### EXERCISE DATA
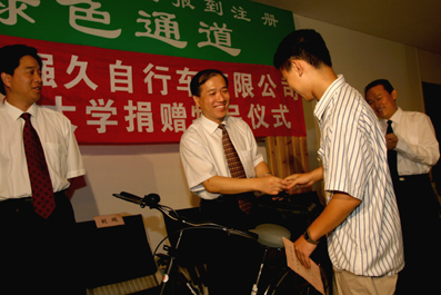 【新闻中心讯 记者 周襄楠 摄影 郭海军】8月18日上午,在迎新现场的绿色通道,2004级化学系新生聂晓琳从河北省强久自行车公司负责人手里接过簇新的银灰色的自行车,说:“社会上的爱心我们将永远铭记。”
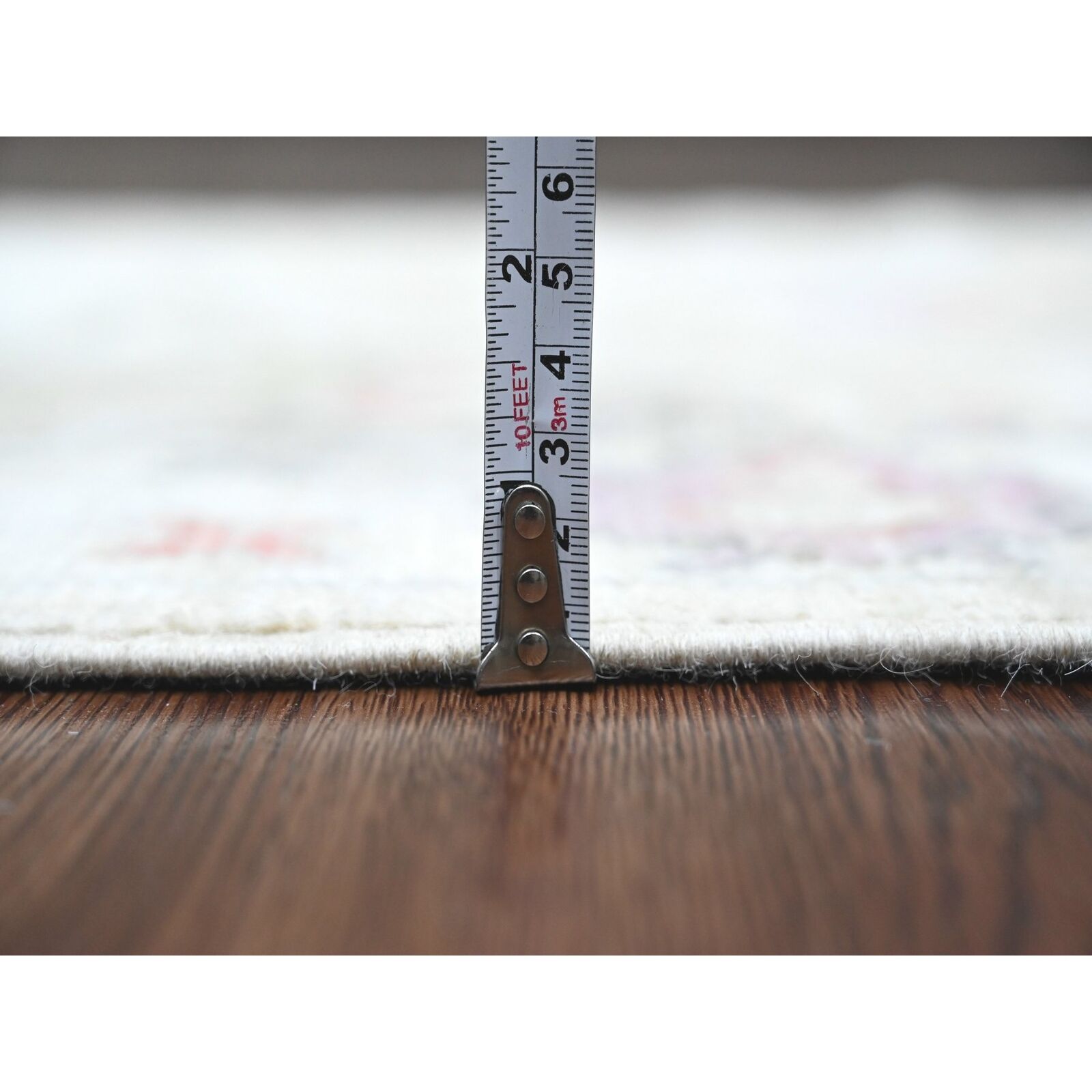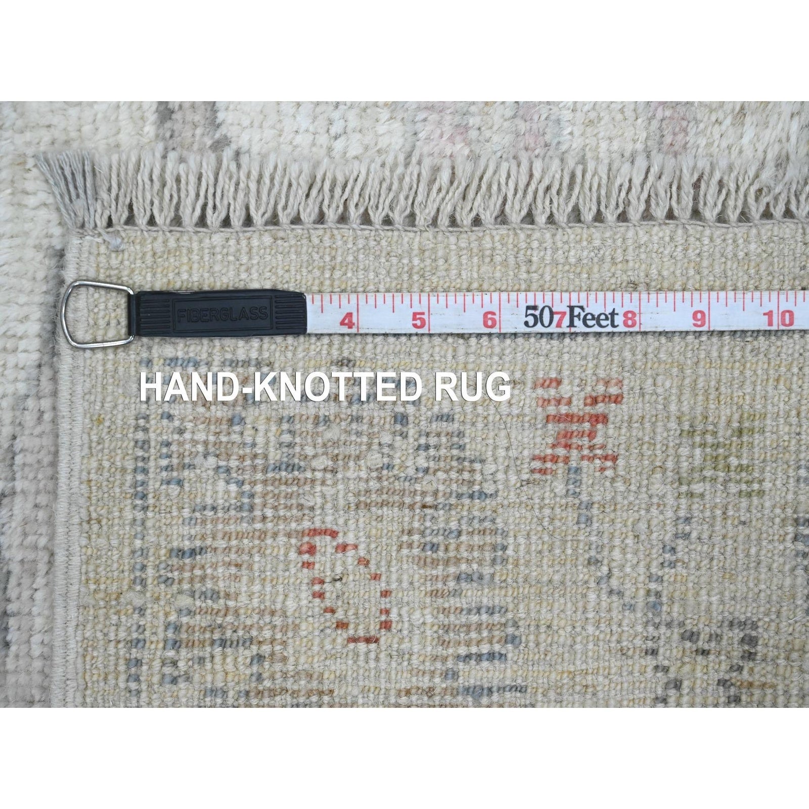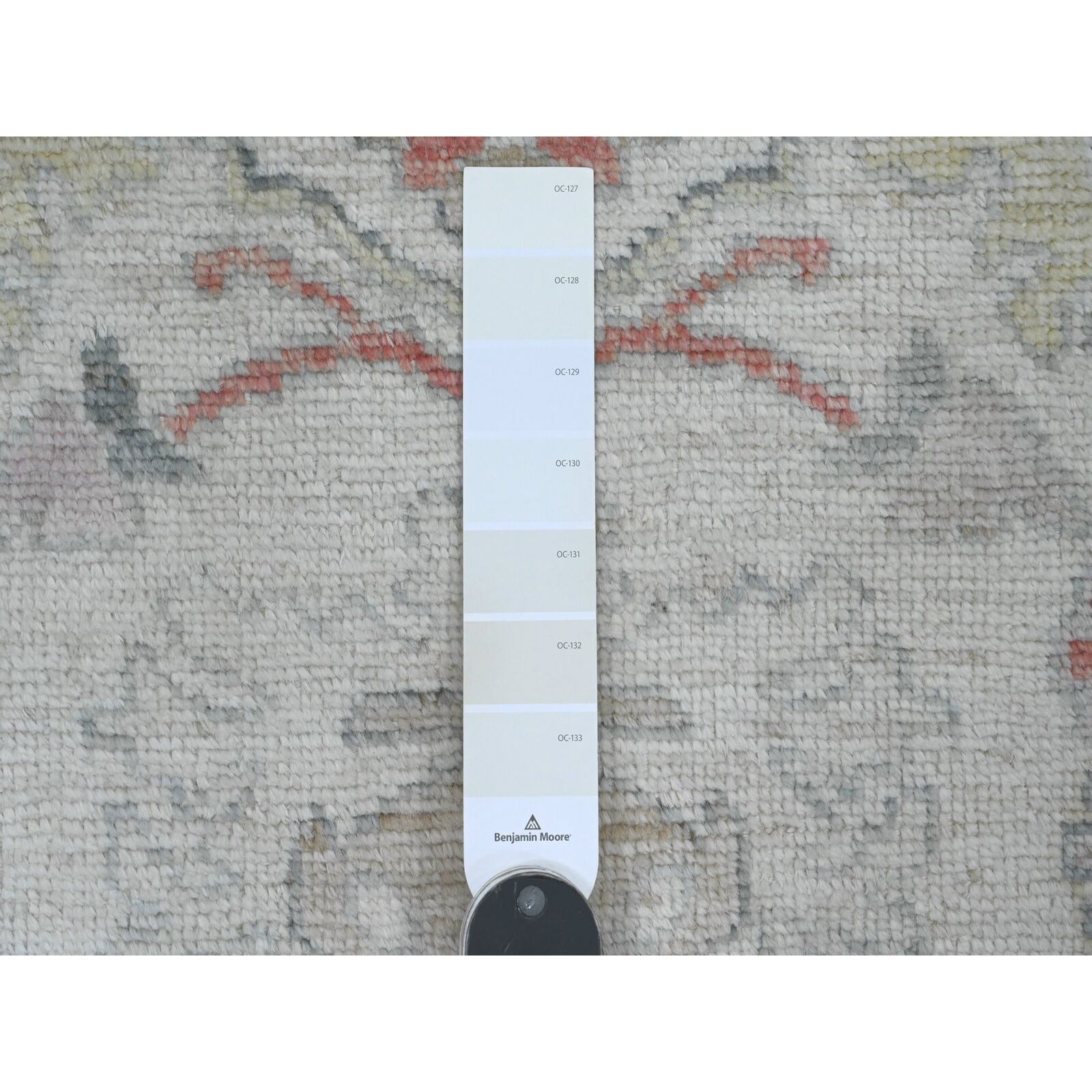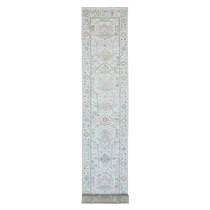 3'1"X22'4" White Angora Oushak Leaf Design Hand Knotted Wool Runner Rug
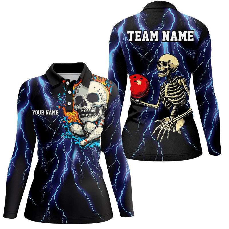 Blue lightning thunder storm skull flame Bowling Shirts For Women Custom Bowling Team Bowler Jerseys NQS8589
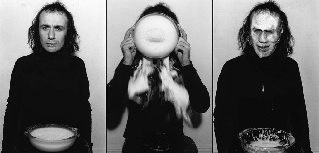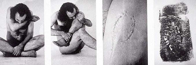 Al autor se le considera como uno de los precursores del arte corporal porque utilizaba su cuerpo como soporte.
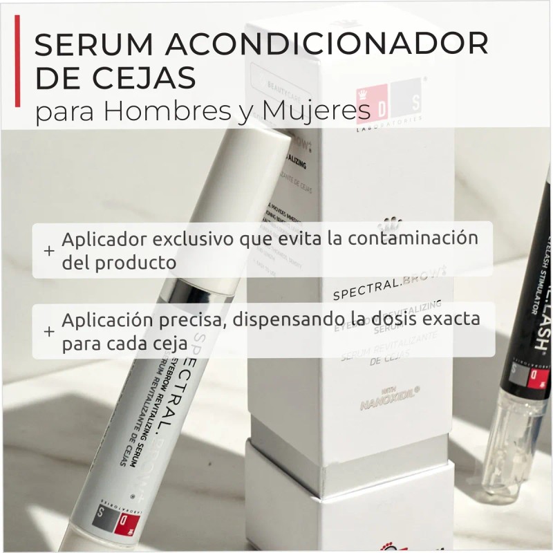 Spectral.Brow+® se distingue por su formulación de vanguardia, que combina ingredientes activos potentes con la exclusiva tecnología de nanosomas de DS Laboratories para maximizar la eficacia en el crecimiento y fortalecimiento de las cejas:
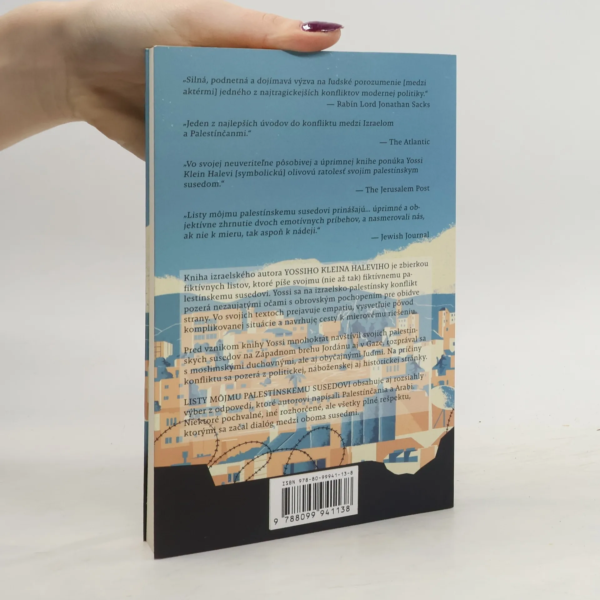 Kniha izraelského autora YOSSIHO KLEINA HALEVIHO je zbierkou fiktívnych listov, ktoré píše svojmu (nie až tak) fiktívnemu palestínskemu susedovi. Yossi sa na izraelsko-palestínsky konflikt pozerá nezaujatými očami s obrovským pochopením pre obidve strany. Vo svojich textoch prejavuje empatiu, vysvetľuje pôvod komplikovanej situácie a navrhuje cesty k mierovému riešeniu. Pred vznikom knihy Yossi mnohokrát navštívil svojich palestínskych susedov na Západnom brehu Jordánu aj v Gaze, rozprával sa s moslimskými duchovnými, ale aj obyčajnými ľuďmi. Na príčiny konfliktu sa pozerá z politickej, náboženskej aj historickej stránky. LISTY MÔJMU PALESTÍNSKEMU SUSEDOVI obsahuje aj rozsiahly výber z odpovedí, ktoré autorovi napísali Palestínčania a Arabi. Niektoré pochvalné, iné rozhorčené, ale všetky plné rešpektu, ktorými sa začal dialóg medzi oboma susedmi.

### WORK ORDER
Exactly as written, copy the entries above without their pictures.

### FINISHED TASK
 【新闻中心讯 记者 周襄楠 摄影 郭海军】8月18日上午,在迎新现场的绿色通道,2004级化学系新生聂晓琳从河北省强久自行车公司负责人手里接过簇新的银灰色的自行车,说:“社会上的爱心我们将永远铭记。”
 3'1"X22'4" White Angora Oushak Leaf Design Hand Knotted Wool Runner Rug
 Blue lightning thunder storm skull flame Bowling Shirts For Women Custom Bowling Team Bowler Jerseys NQS8589
 Al autor se le considera como uno de los precursores del arte corporal porque utilizaba su cuerpo como soporte.
 Spectral.Brow+® se distingue por su formulación de vanguardia, que combina ingredientes activos potentes con la exclusiva tecnología de nanosomas de DS Laboratories para maximizar la eficacia en el crecimiento y fortalecimiento de las cejas:
 Kniha izraelského autora YOSSIHO KLEINA HALEVIHO je zbierkou fiktívnych listov, ktoré píše svojmu (nie až tak) fiktívnemu palestínskemu susedovi. Yossi sa na izraelsko-palestínsky konflikt pozerá nezaujatými očami s obrovským pochopením pre obidve strany. Vo svojich textoch prejavuje empatiu, vysvetľuje pôvod komplikovanej situácie a navrhuje cesty k mierovému riešeniu. Pred vznikom knihy Yossi mnohokrát navštívil svojich palestínskych susedov na Západnom brehu Jordánu aj v Gaze, rozprával sa s moslimskými duchovnými, ale aj obyčajnými ľuďmi. Na príčiny konfliktu sa pozerá z politickej, náboženskej aj historickej stránky. LISTY MÔJMU PALESTÍNSKEMU SUSEDOVI obsahuje aj rozsiahly výber z odpovedí, ktoré autorovi napísali Palestínčania a Arabi. Niektoré pochvalné, iné rozhorčené, ale všetky plné rešpektu, ktorými sa začal dialóg medzi oboma susedmi.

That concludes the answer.